■ To do
Note the line containing "Rdeča Crystal - kovinska"; from it through the last line below, give only those lines again, exactly, both ends included, skipping pictures.

(Collected data entries)
= Beginning of Section =
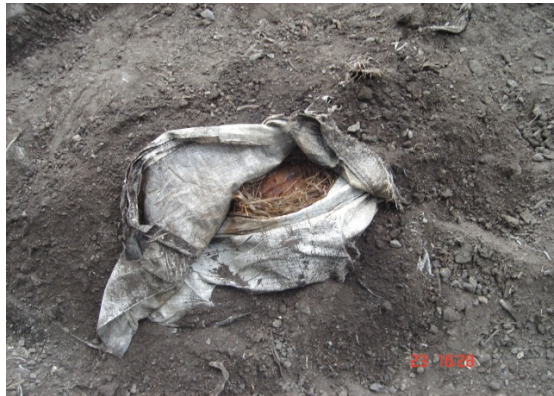
Figura 5. Revisión de la cocción de las piñas.
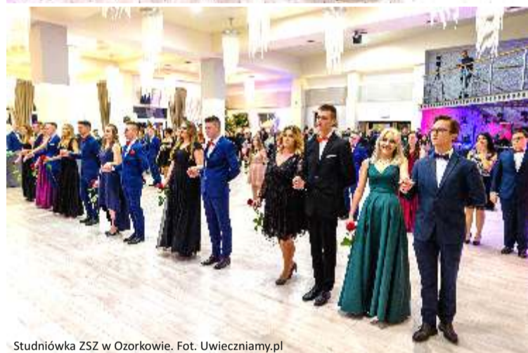
Studniówka ZSZ w Ozorkowie.
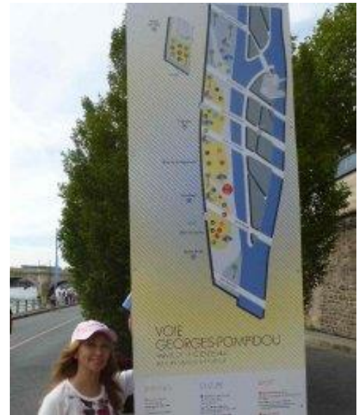
Bãi cát và lối đi bộ gần Pont Neuf - Cây dừa và sông Seine Pont Au Change
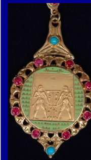
Орден Нила Египет
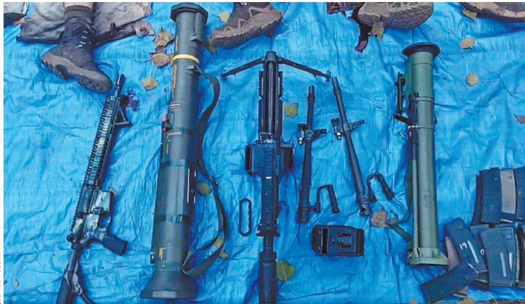
У наемников после их уничтожения были изъяты ручные гранатометы, пулеметы, автоматы и много взрывчатки.
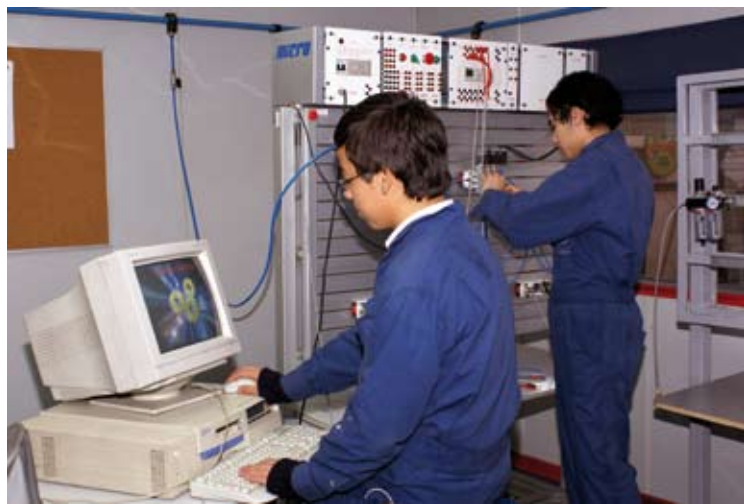
Electricidad es una de las especialidades que se imparte en el Liceo Vicente Perez Rosales
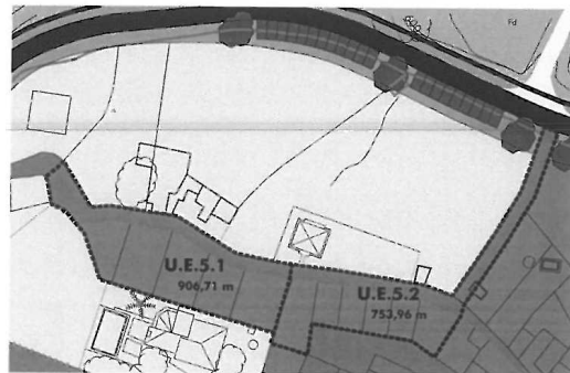
ESTADO PROPUUESTO POR LA MODIFICACIÓN

Respecto al análisis de alternativas aportado, dada la escasa envergadura de la modificación urbanística, el promotor aporta las
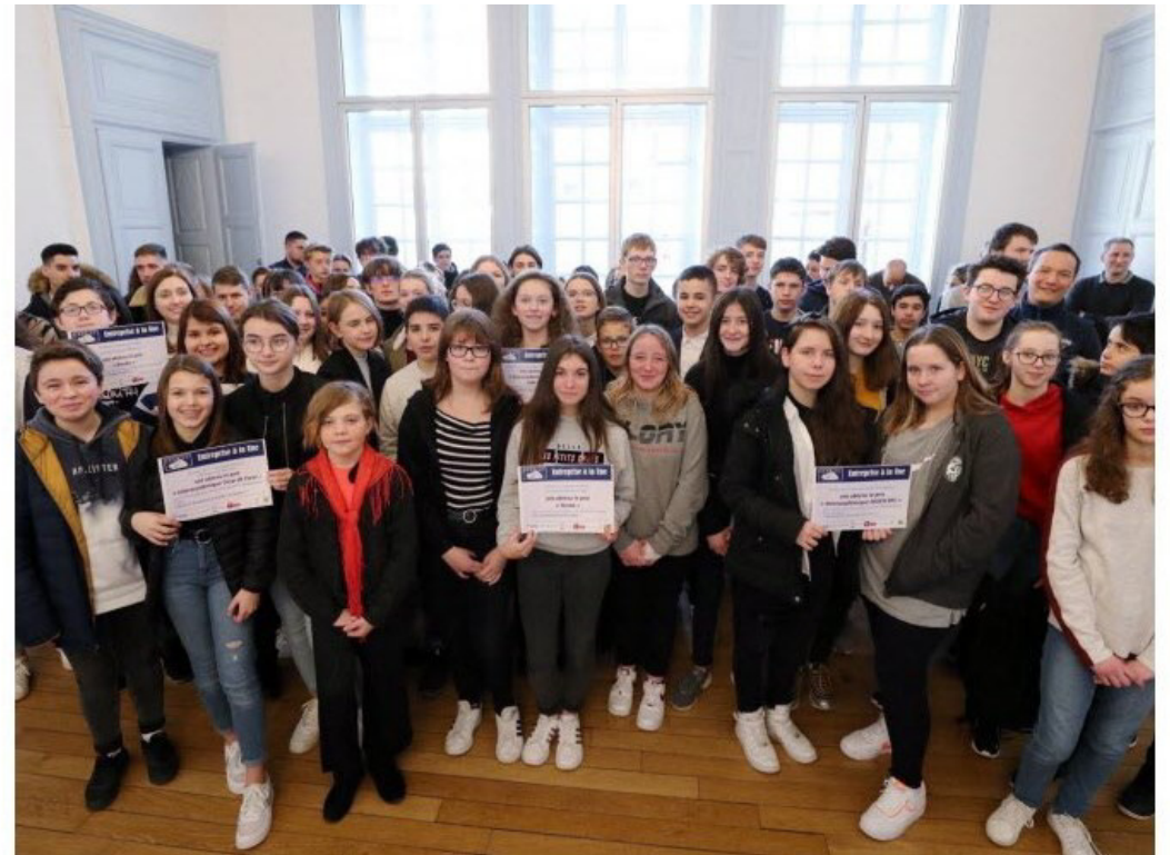
De nombreux candidats ont été récompensés grâce aux différents angles d'écriture proposés.

Mais bien d'autres candidats ont été récompensés grâce aux différents angles d'écriture proposés : l'activité de l'entreprise, le chef d'entreprise, l'innovation, la démarche sociétale dans l'entreprise, sans oublier l'illustration par la photo.
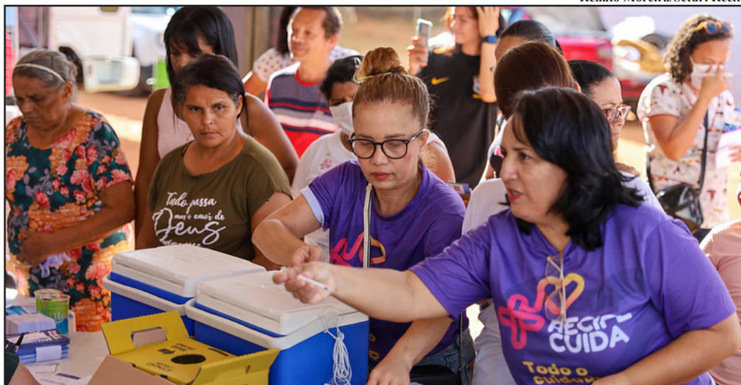
O evento ocorrerá das 15h às 20h, promovendo lazer gratuito para todas as idades
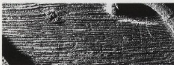
6. Restar av runeinnskripta på hovudinn-gangsdøra.

forvitra og for største delen, unnateke slutten, uleselege (sjå fig. 6). Det står: ??????(ur) ??n:sin. Med runer vart skiljeteikn, oftast dobbelpunkt som her, brukte som regel mellom kvart ord i ei innskrift. Her er siste ordet truleg ei form av "sin", dvs. at innskripta nok har vore på gammalnorsk, ikkje latin. Meir kan diverre ikkje seiast.
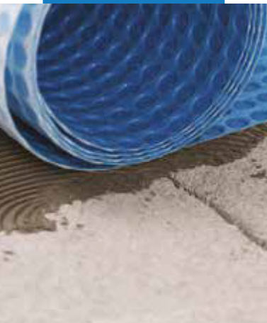
Inštalácia Mapeguard UM 35
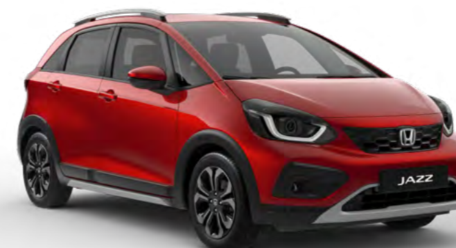
Rdeča Crystal - kovinska
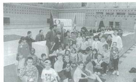
Foto di gruppo dei bimbi e delle insegnanti delle classi 2A e 2B della scuola elementare Randi.

dere l'utilizzo delle nuove tecnologie. Prendendo spunto dalle problematiche emerse durante l'organizzazione dell'iniziativa, il sindaco ha anche annunciato che 4 scuole elementari saranno dotate a breve di un apparecchio fax. Sono stati consegnati ai vincitori un primo, un secondo ed un terzo premio per i migliori disegni delle scuole elementari e medie, 16 premi
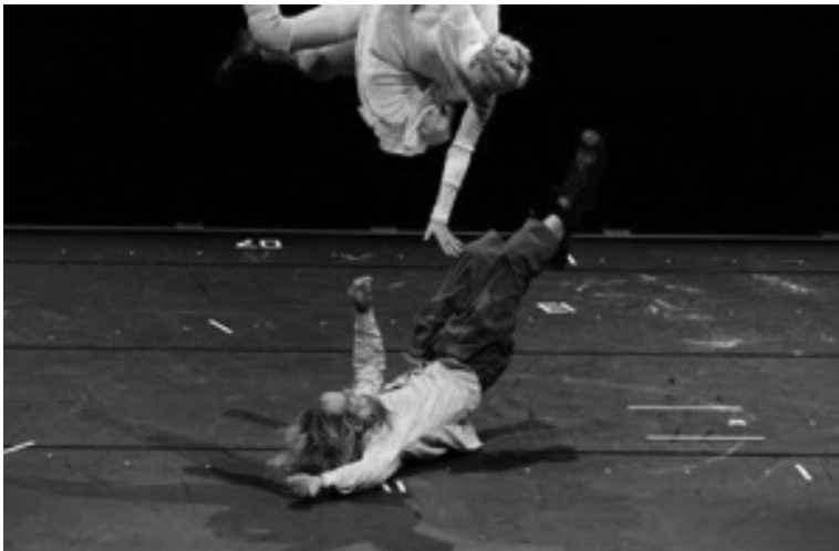
Grupo Cena 11

Colocar ritmo na queda é uma forma de aprender a cair, maneira pela qual se pode descrever um processo de análise.
= End of Section =
■ Result of this task
Rdeča Crystal - kovinska
Foto di gruppo dei bimbi e delle insegnanti delle classi 2A e 2B della scuola elementare Randi.

dere l'utilizzo delle nuove tecnologie. Prendendo spunto dalle problematiche emerse durante l'organizzazione dell'iniziativa, il sindaco ha anche annunciato che 4 scuole elementari saranno dotate a breve di un apparecchio fax. Sono stati consegnati ai vincitori un primo, un secondo ed un terzo premio per i migliori disegni delle scuole elementari e medie, 16 premi
Grupo Cena 11

Colocar ritmo na queda é uma forma de aprender a cair, maneira pela qual se pode descrever um processo de análise.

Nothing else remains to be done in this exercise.